WORK TASK = Exact reproduction required: the lines below from the line with "11月13日,亞軍廣東隊在頒獎儀式上合影。" to the line with "Replacement for Craftsman", both ends included, and no others.

RECORD SET =
■ ■ ■ ■ ■ ■ ■

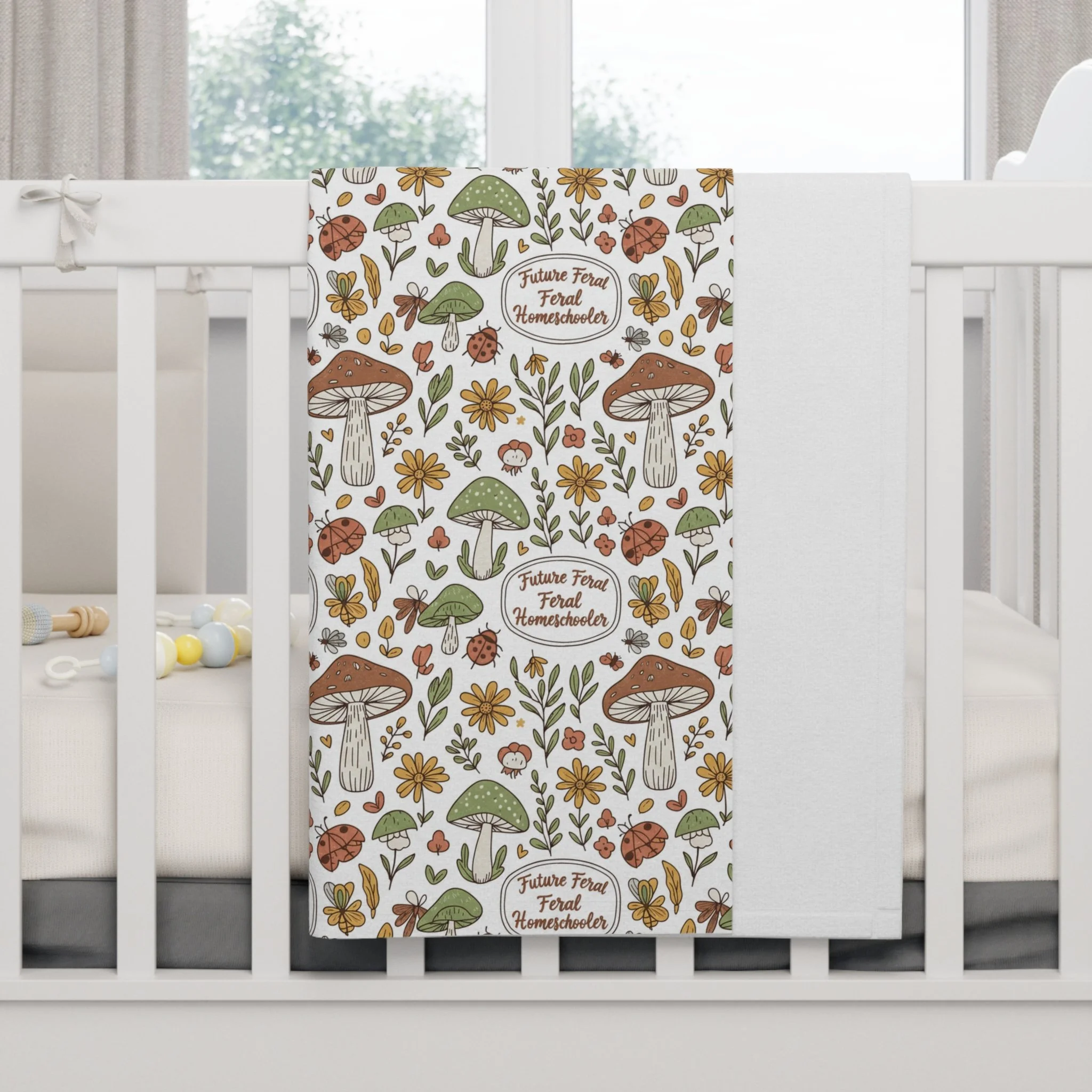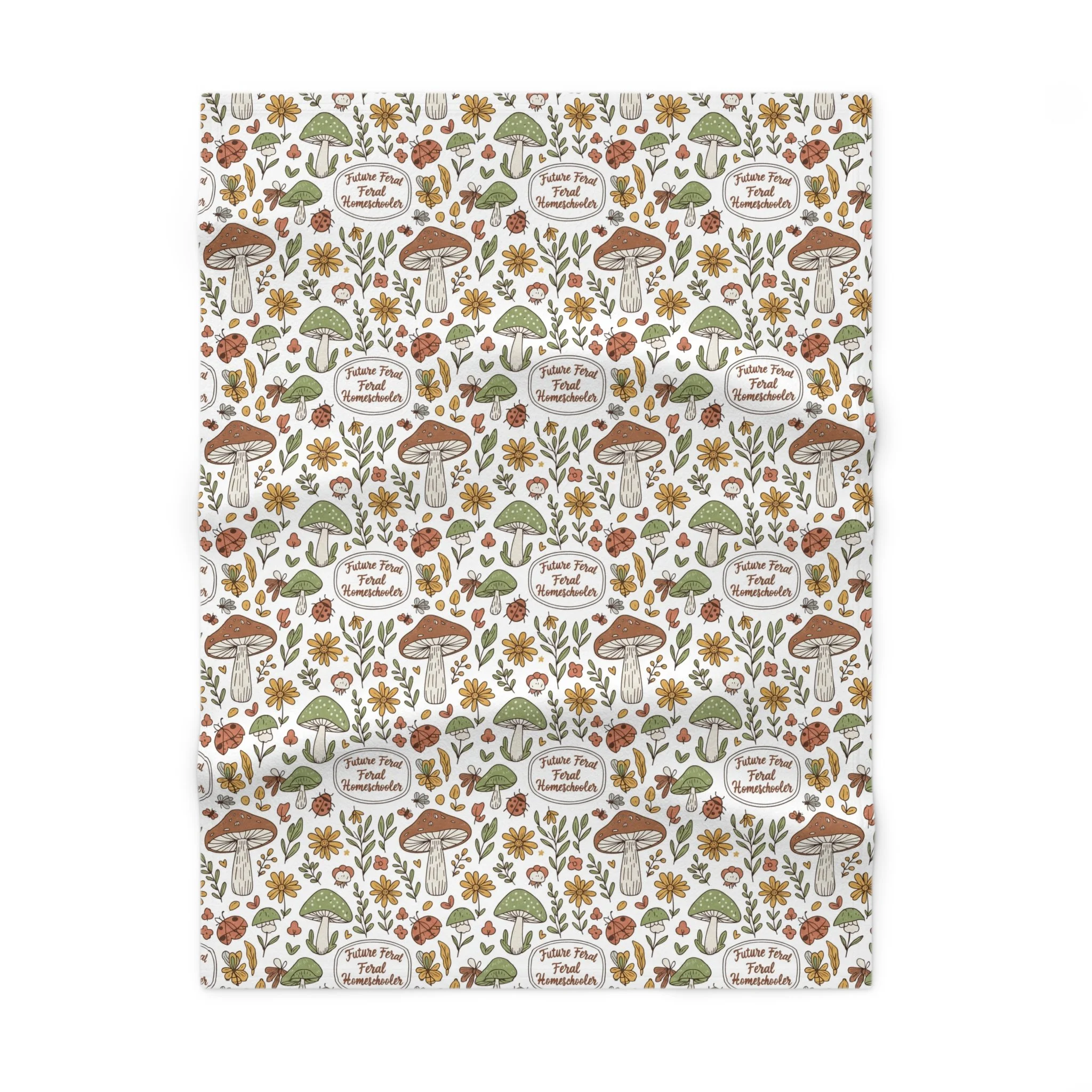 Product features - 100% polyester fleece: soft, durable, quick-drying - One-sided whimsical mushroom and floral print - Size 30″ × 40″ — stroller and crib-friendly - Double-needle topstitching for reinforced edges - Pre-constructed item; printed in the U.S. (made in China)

■ ■ ■ ■ ■ ■ ■

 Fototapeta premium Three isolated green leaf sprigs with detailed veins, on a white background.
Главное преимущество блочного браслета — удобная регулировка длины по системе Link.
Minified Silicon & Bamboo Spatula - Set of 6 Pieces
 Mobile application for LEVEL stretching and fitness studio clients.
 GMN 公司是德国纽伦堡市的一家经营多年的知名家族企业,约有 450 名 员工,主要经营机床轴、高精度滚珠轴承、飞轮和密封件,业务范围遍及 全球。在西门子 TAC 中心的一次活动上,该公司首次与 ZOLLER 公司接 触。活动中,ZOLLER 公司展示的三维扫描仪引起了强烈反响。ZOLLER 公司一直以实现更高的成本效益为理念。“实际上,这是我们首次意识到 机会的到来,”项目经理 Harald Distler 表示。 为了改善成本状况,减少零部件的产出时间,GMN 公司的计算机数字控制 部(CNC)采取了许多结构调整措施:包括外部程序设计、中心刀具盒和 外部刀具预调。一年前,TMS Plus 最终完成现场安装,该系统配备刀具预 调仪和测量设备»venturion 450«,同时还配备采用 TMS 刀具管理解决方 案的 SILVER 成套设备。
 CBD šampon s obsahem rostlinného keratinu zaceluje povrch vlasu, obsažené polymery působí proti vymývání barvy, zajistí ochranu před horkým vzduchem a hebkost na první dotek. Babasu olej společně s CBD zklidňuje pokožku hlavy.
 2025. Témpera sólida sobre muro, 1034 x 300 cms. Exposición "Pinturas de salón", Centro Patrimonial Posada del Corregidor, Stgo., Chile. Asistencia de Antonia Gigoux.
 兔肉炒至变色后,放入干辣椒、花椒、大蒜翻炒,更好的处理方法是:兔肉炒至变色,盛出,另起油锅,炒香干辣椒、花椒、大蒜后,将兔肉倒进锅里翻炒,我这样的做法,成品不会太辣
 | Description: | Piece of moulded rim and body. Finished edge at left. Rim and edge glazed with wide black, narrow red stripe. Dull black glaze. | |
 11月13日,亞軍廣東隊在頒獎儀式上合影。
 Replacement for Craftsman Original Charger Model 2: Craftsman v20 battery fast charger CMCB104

■ ■ ■ ■ ■ ■ ■

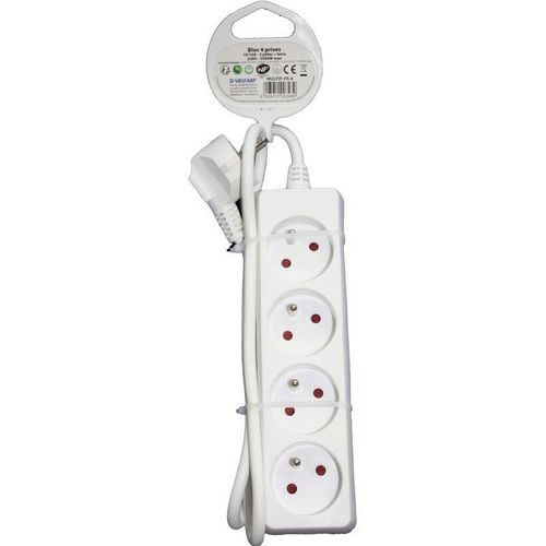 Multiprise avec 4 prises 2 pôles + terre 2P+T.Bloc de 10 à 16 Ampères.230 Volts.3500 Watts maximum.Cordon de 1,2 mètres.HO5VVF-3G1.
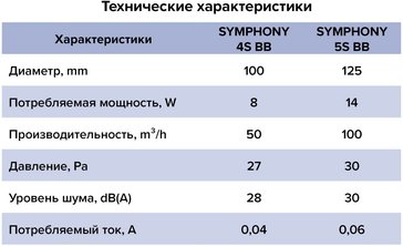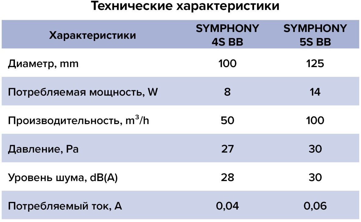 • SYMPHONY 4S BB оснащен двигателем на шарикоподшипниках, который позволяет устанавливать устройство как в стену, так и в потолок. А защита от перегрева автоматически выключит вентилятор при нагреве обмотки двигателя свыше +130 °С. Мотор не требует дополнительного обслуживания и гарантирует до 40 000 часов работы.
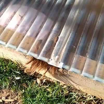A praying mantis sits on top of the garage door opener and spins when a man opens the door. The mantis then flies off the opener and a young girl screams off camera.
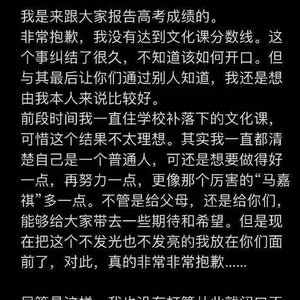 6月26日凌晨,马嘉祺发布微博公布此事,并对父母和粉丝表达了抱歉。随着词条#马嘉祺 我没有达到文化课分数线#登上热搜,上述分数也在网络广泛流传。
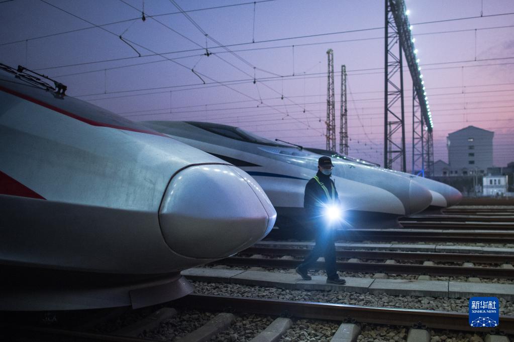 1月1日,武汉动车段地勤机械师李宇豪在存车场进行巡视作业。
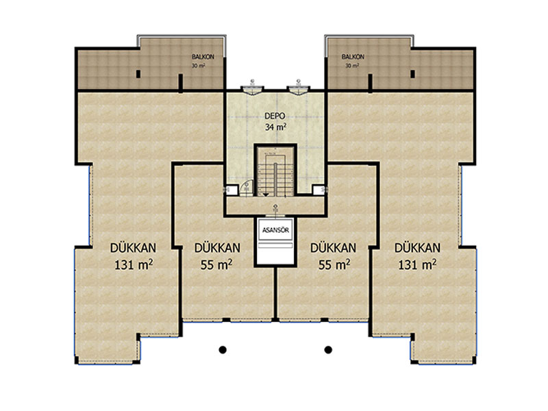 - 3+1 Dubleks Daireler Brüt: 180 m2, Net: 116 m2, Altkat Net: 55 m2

■ ■ ■ ■ ■ ■ ■

SOLUTION FOR THIS EXERCISE =
 11月13日,亞軍廣東隊在頒獎儀式上合影。
 Replacement for Craftsman Original Charger Model 2: Craftsman v20 battery fast charger CMCB104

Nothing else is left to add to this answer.